> **WORK ORDER**
Starting at the line below with "Nas imagens, é" and stopping at the line with "Guirlande Drapeaux à", please print each line exactly, those two included, and skip every picture.
━━━ MATERIAL FOR THIS TASK ━━━
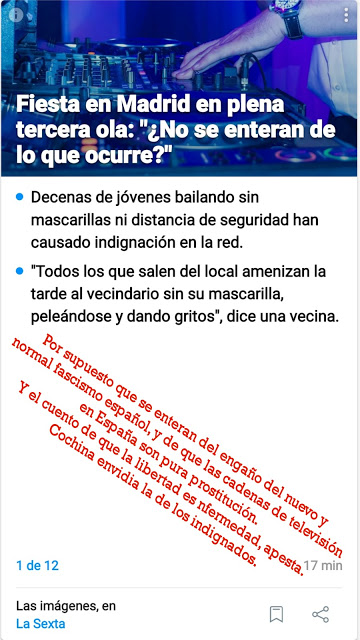 No hay ninguna cepa de mierda “más contagiosa”. Simplemente ha sido que la chusma, al usar masivamente y a todas horas (incluso en sus putas cenas de navidad) los bozales, se han debilitado. Una respiración pobre, hace una sangre pobre y un sistema inmunológico aún más pobre, agravado por la cobardía y la ansiedad que les provoca el machacón adoctrinamiento del miedo y la obediencia del nuevo y normal fascismo español. Todo el mundo lleva mascarilla y los contagios se han cuadriplicado; porque yo veo a todo cristo con su bozal y su miedo, cada día y a todas horas. Y bien calladitos todos en las noches negras del toque de queda, aguantando un nuevo franquismo por pura cobardía. Gracias al bozal y la cárcel domiciliaria más gente se ha contagiado de gripe y acatarrado. Y el fascismo español lo suma todo al coronavirus para seguir manteniendo sus toques de queda y el control de la chusma mediante miedo y represión obligando el uso del bozal. Claro que se enteran los que bailan y hacen uso legítimo y ético de su libertad. Se enteran de que el bozal, la prisión y el toque de queda solo han servido para que haya más enfermos y una dictadura criminal apoyada en los pilares de la estafa de la pandemia. Están hasta los huevos del nuevo y normal fraude español. Así que la indignidad de los envidiosos en las “redes suciales” viene porque alguien que tiene cierto valor para rebelarse contra la dictadura, los hace a ellos cobardes y cabestros. Y por mucho que lo sean, no es agradable verse en el espejo como lo que realmente se es. Los envidiosos quieren que todos sean como ellos para no salir retratados ilustrando las entradas de mezquindad y e ignorancia en la Gran Enciclopedia de la Humanidad. Por otra parte, tampoco sabrían qué hacer con la libertad si la tuvieran; salvo ir al centro comercial en borregada. Son todos una piara de cobardes quejumbrosos, prosélitos de una secta del engaño. Y claro, las redes sociales son el espejo del borreguismo, la ignorancia y la cobardía. Las cadenas de televisión españolas, son la gacetilla del fascismo, la prostitución pura de la ética y el periodismo. La Sexta causa vómito y la Primera risa. Antena 3 prurito genital y así todas y cada una de ellas. No hay ni una sola cadena televisiva libre de ser puta del nuevo y normal fascismo español del coronavirus.
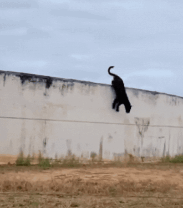 Nas imagens, é possível ouvir a surpresa da pessoa que presenciou a cena ao se deparar com o felino, fora do ambiente onde costuma ser visto.
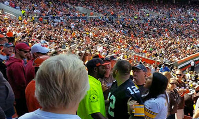 Lors d’un match de football US entre l’équipe des Steelers contre celle des Browns, le spectacle était aussi dans les gradins. Une bagarre a éclaté entre supporters adverses ou un fan des Browns a du être évacué des grad...
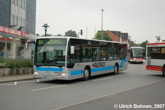 Werner Faltraco aus Wesel fährt u. a. im Auftrag der RVN (Regionalverkehr Niederrhein GmbH). Gerade den Bahnhof von Wesel erreicht hat dieser EvoBus-Mercedes O 530 Ü; die Matrix ist bereits für die Rückfahrt nach Bocholt umgestellt.
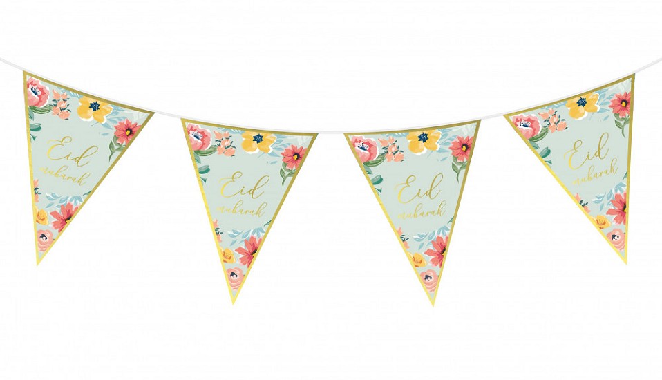 Guirlande Drapeaux à fleurs Eid Mubarak - Longueur 5 mètres et 16 fanions (Pour la fête de l'Aïd) - Couleur vert amande doré - REF. 35142 (4.90 €) - En Promotion à 3.90 €
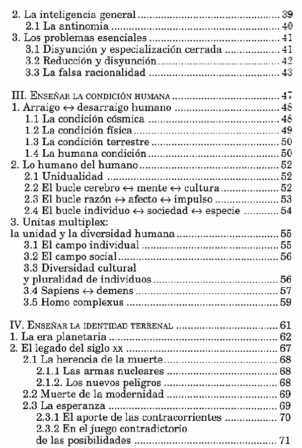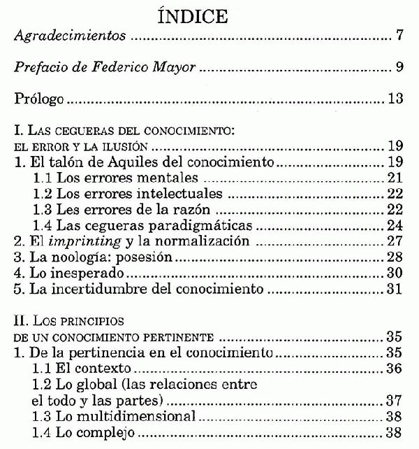 Morin propone aquí siete saberes fundamentales que la educación de futuro debe tratar tanto en cualquier saciedad como en cualquier cultura, sin exclusividad ni rechazo, según formas y reglas propias de cada sociedad y de cada cultura.
━━━
> **ANSWER BOX**
 Nas imagens, é possível ouvir a surpresa da pessoa que presenciou a cena ao se deparar com o felino, fora do ambiente onde costuma ser visto.
 Lors d’un match de football US entre l’équipe des Steelers contre celle des Browns, le spectacle était aussi dans les gradins. Une bagarre a éclaté entre supporters adverses ou un fan des Browns a du être évacué des grad...
 Werner Faltraco aus Wesel fährt u. a. im Auftrag der RVN (Regionalverkehr Niederrhein GmbH). Gerade den Bahnhof von Wesel erreicht hat dieser EvoBus-Mercedes O 530 Ü; die Matrix ist bereits für die Rückfahrt nach Bocholt umgestellt.
 Guirlande Drapeaux à fleurs Eid Mubarak - Longueur 5 mètres et 16 fanions (Pour la fête de l'Aïd) - Couleur vert amande doré - REF. 35142 (4.90 €) - En Promotion à 3.90 €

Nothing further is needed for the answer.